■ **GIVEN RECORDS**:
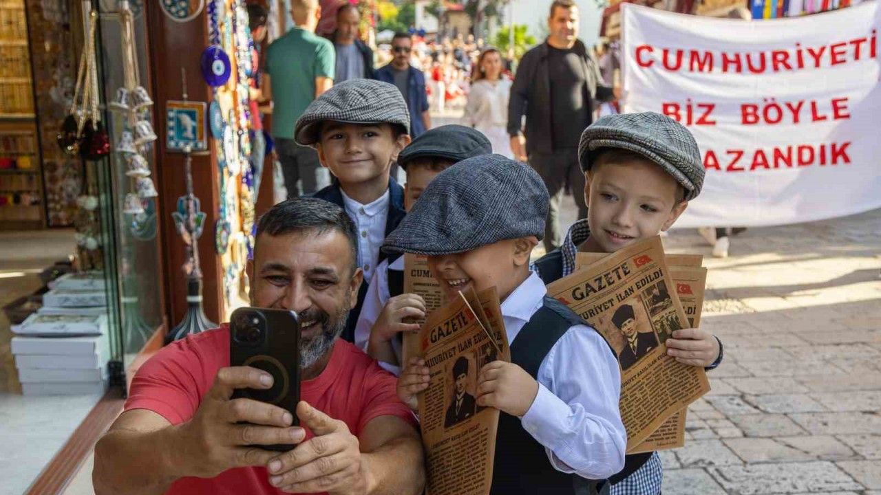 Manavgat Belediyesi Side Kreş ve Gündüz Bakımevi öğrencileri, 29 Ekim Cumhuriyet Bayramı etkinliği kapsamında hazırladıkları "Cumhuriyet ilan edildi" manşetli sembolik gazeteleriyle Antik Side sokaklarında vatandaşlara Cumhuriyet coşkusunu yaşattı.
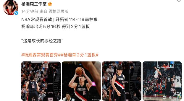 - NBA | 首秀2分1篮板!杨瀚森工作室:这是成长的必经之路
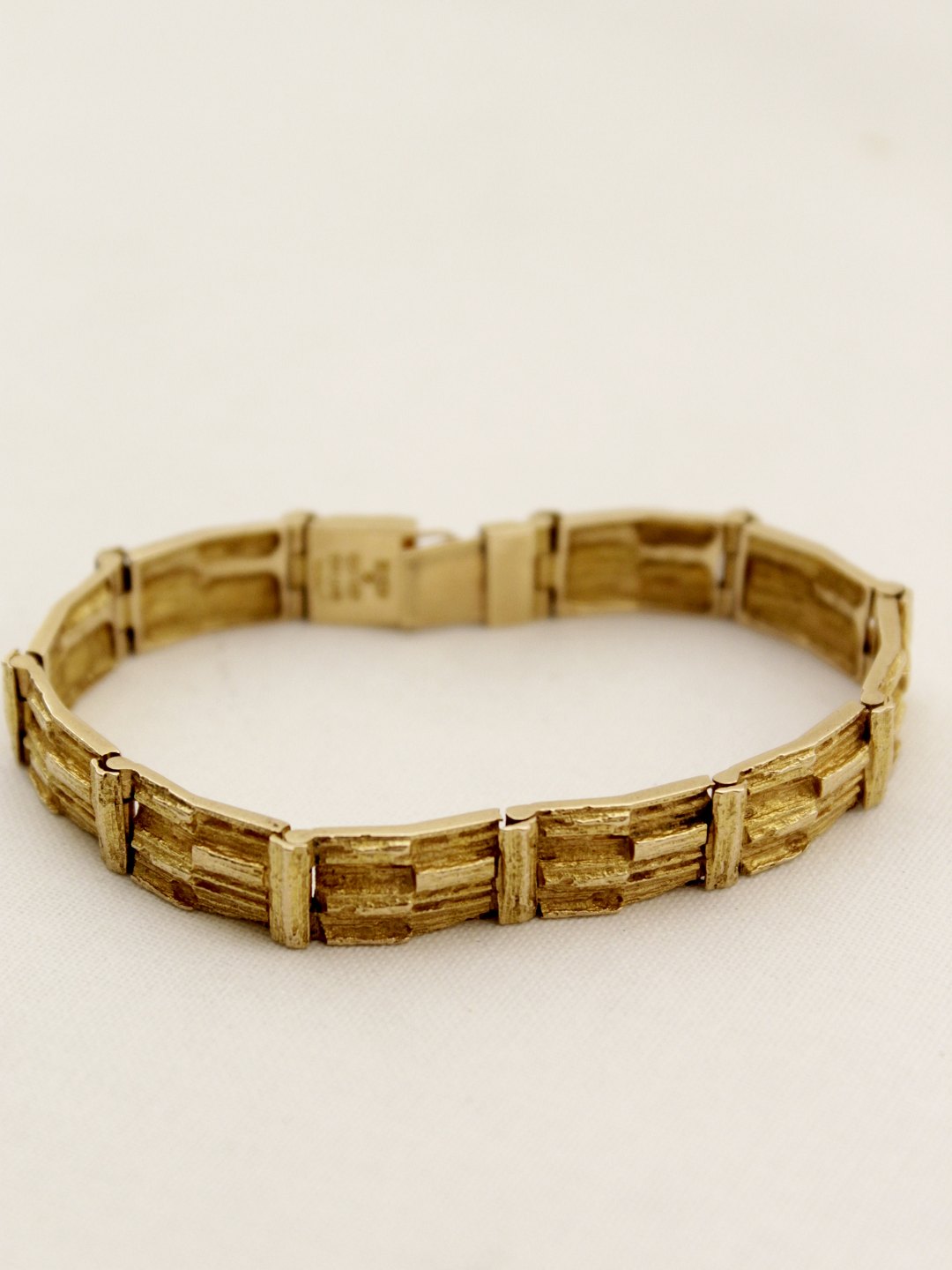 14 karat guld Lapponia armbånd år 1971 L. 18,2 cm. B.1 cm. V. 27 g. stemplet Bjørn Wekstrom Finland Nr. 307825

* * *

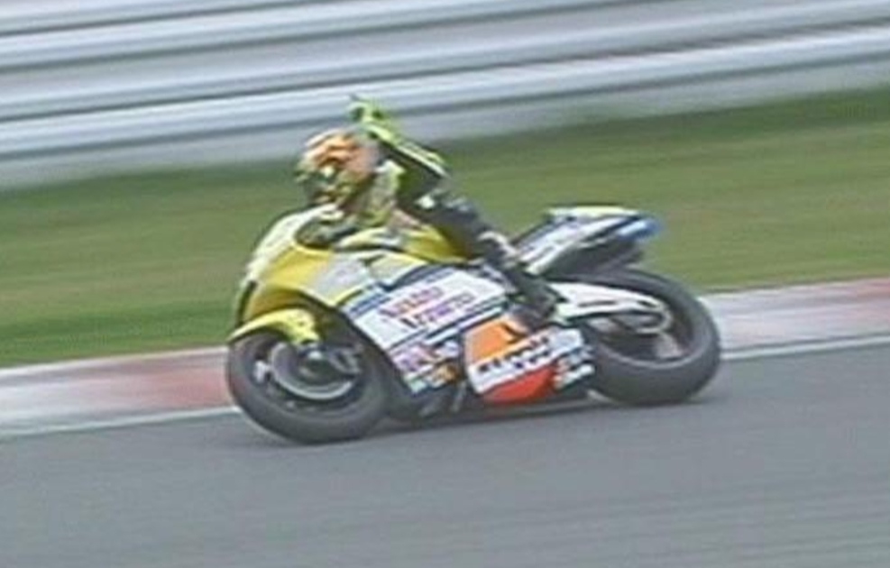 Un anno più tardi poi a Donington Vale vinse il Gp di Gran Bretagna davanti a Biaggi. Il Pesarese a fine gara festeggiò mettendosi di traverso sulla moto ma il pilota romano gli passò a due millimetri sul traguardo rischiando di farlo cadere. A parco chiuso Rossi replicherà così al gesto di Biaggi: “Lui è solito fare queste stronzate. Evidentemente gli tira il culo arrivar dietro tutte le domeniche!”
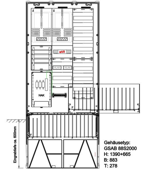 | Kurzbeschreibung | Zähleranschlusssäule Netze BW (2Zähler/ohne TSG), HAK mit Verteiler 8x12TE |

■ **WORK REQUEST**:
Look above for the line containing "Manavgat Belediyesi Side" and the line containing "14 karat guld", then reproduce both and everything between them exactly, pictures omitted.

■ **ANSWER AREA**:
 Manavgat Belediyesi Side Kreş ve Gündüz Bakımevi öğrencileri, 29 Ekim Cumhuriyet Bayramı etkinliği kapsamında hazırladıkları "Cumhuriyet ilan edildi" manşetli sembolik gazeteleriyle Antik Side sokaklarında vatandaşlara Cumhuriyet coşkusunu yaşattı.
 - NBA | 首秀2分1篮板!杨瀚森工作室:这是成长的必经之路
 14 karat guld Lapponia armbånd år 1971 L. 18,2 cm. B.1 cm. V. 27 g. stemplet Bjørn Wekstrom Finland Nr. 307825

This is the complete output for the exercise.